=== DATA EXTRACT ===
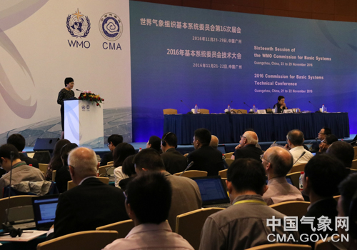 中国气象局副局长矫梅燕在CBS技术大会上作报告。陈建军 摄影
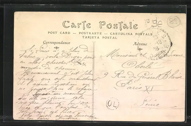Personenbezogene Daten auf der Rückseite der Karte wurden durch blauen Textmarker unkenntlich gemacht. Die blauen Stellen sind auf die Vorderseite durchgeweicht und wirken sich negativ auf das Postkartenfoto aus
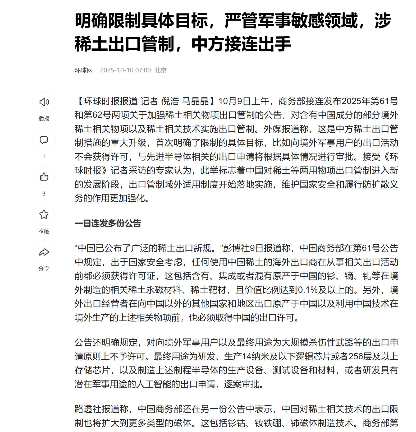 第一件事,继续严控关键矿产、稀土产业链,以及敏感材料的生产和出口环节。

=== WORK TO COMPLETE ===
None of the pictures should appear, though every line of the data above must be reproduced exactly.

=== ANSWER SECTION ===
 中国气象局副局长矫梅燕在CBS技术大会上作报告。陈建军 摄影
Personenbezogene Daten auf der Rückseite der Karte wurden durch blauen Textmarker unkenntlich gemacht. Die blauen Stellen sind auf die Vorderseite durchgeweicht und wirken sich negativ auf das Postkartenfoto aus
 第一件事,继续严控关键矿产、稀土产业链,以及敏感材料的生产和出口环节。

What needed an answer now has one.